Paolo Veronese

15281588 · Mannerism. Wikipedia

Paolo Caliari, known as Paolo Veronese, was an Italian Renaissance painter based in Venice, known for extremely large history paintings of religion and mythology, such as The Wedding at Cana (1563) and The Feast in the House of Levi (1573). Included with Titian, a generation older, and Tintoretto, a decade senior, Veronese is one of the "great trio that dominated Venetian painting of the cinquecento" and the Late Renaissance in the 16th century. Known as a supreme colorist, and after an early period with Mannerism, Paolo Veronese developed a naturalist style of painting, influenced by Titian.

Paintings by Paolo Veronese

Venus and Adonis (Veronese, Madrid) (1580)

Venus and Adonis is a painting by the Italian late Mannerist artist Paolo Veronese, executed in the early 1580s, now in the Museo del Prado, in Madrid. It is an oil on canvas and its dimensions are 162 cm × 191 cm (64 in × 75 in). The original painting was enlarged by 50 cm in the upper border in the 18th century. This added section was removed in a restoration in 1988, so the work recovered its original horizontal format.

Allegory of Virtue and Vice (Veronese) (1565)

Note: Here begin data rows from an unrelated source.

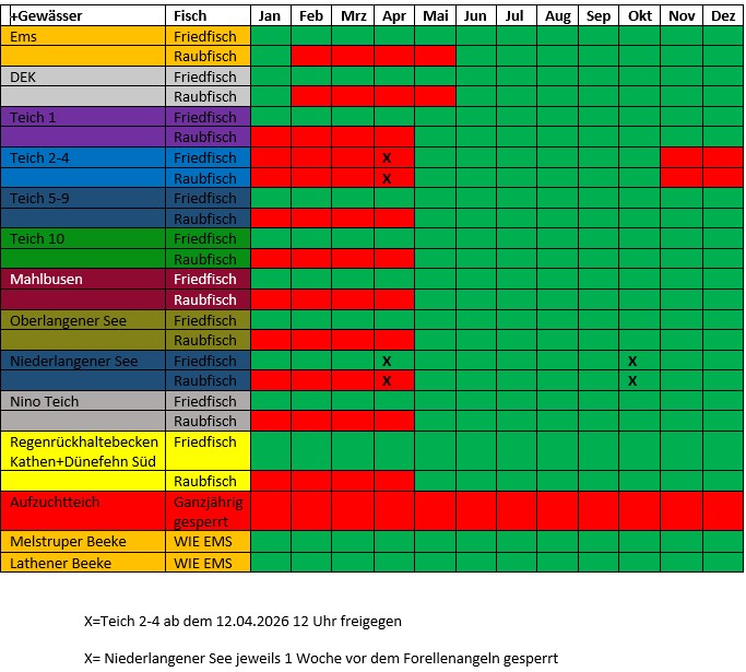 Die nebenstehenden Sperrzeiten der Gewässer müssen von jedem Vereinsmitglied und Gastangler wahrgenommen und eingehaltenwerden.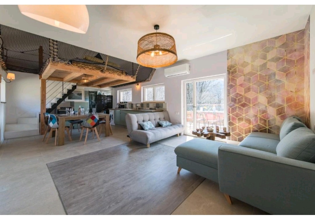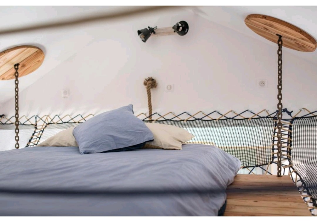 Dans cette maison, vous aurez la particularité de pouvoir dormir dans une mezzanine suspendue par des chaînes de bâteau et de se reposer sur des filets de catamaran!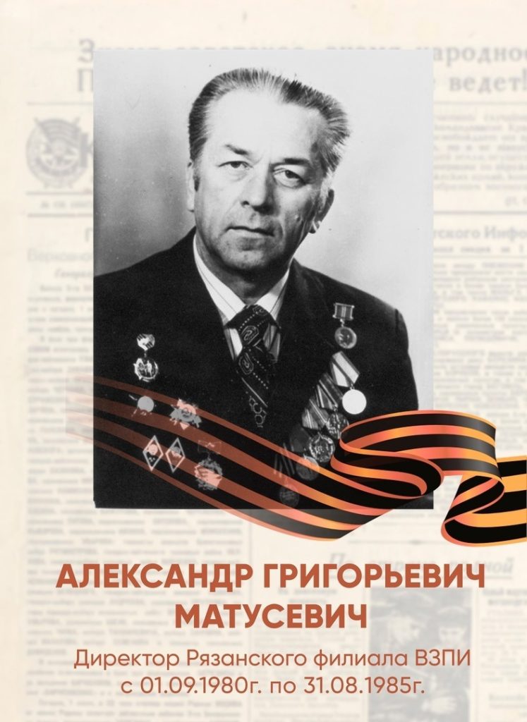 В Рязанском Политехе продолжается акция “Мы помним”. Завершает череду рассказов о фронтовиках-руководителях Рязанского Политеха история боевого пути Александра Григорьевича Матусевича, который возглавлял вуз с 01.09.1980. по 31.08.1985.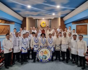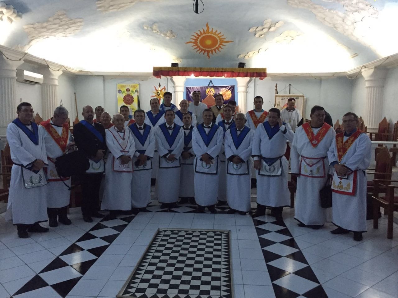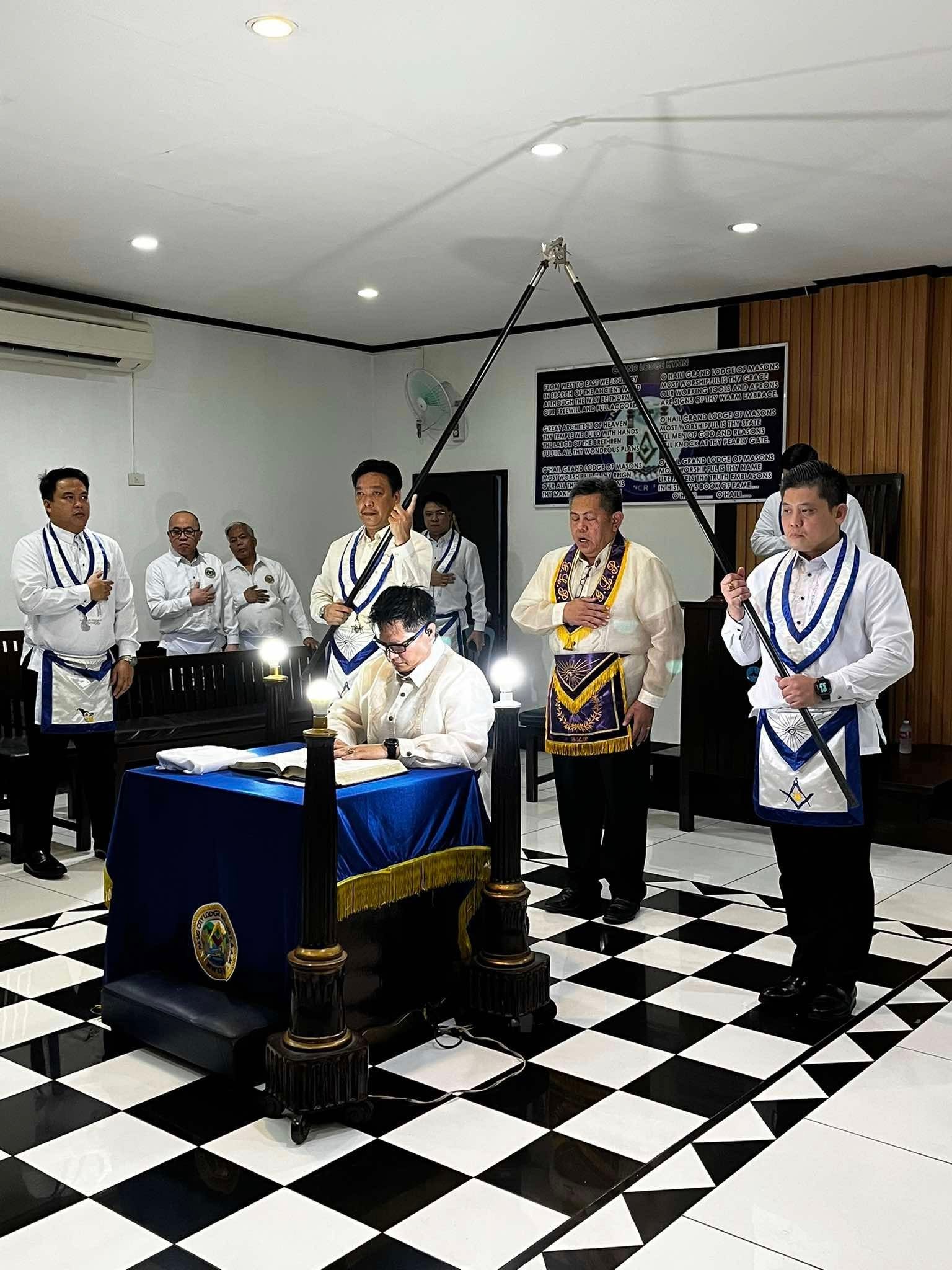 El siguiente ejemplo es una ceremonia privada (sin familiares y amistades no masones invitados, pero sigue siendo una tenida blanca. Es decir, que se puede mostar en imágenes) en la ciudad filipina de Dumaguete, de 95.000 habitantes. Ceremonia de dos días donde el día anterior, 27 abril de 2023, recibieron delegaciones de otras Grandes Logias extrajeras: Grand Lodge of Japan, Grand Master of the Grand Lodge of New South Wales, Grand lodge of Victoria, Grand lodge of Alberta, Grand lodge of Manitoba, Grand lodge of Nevada, Grand lodge of Hawaii, Grand lodge of Italy y Grand lodge of British Columbia.

Allegory of Virtue and Vice, also known as The Choice Between Virtue and Vice or The Choice of Hercules is a painting by Paolo Veronese, created c. 1565 in Venice, Italy. It is now located in the Frick Collection, in New York. It is a large-scale allegorical painting depicting Hercules' struggle between virtue and vice, personified here by the figures of the two women physically pulling him in different directions. In the painting, Virtue appears to be winning the struggle over Hercules, but Vice has torn Hercules' stocking and still reaches out her hand toward him. Concealed behind her skirt is a dagger and a statue of a sphinx. On the stonework above the scene, an inscription reads "[HO]NOR ET VIRTUS/[P]OST MORTÊ FLORET (Honor and Virtue Flourish after Death)." As an allegory, the job of this painting is to convey a moral message, that of the superiority of virtue over vice.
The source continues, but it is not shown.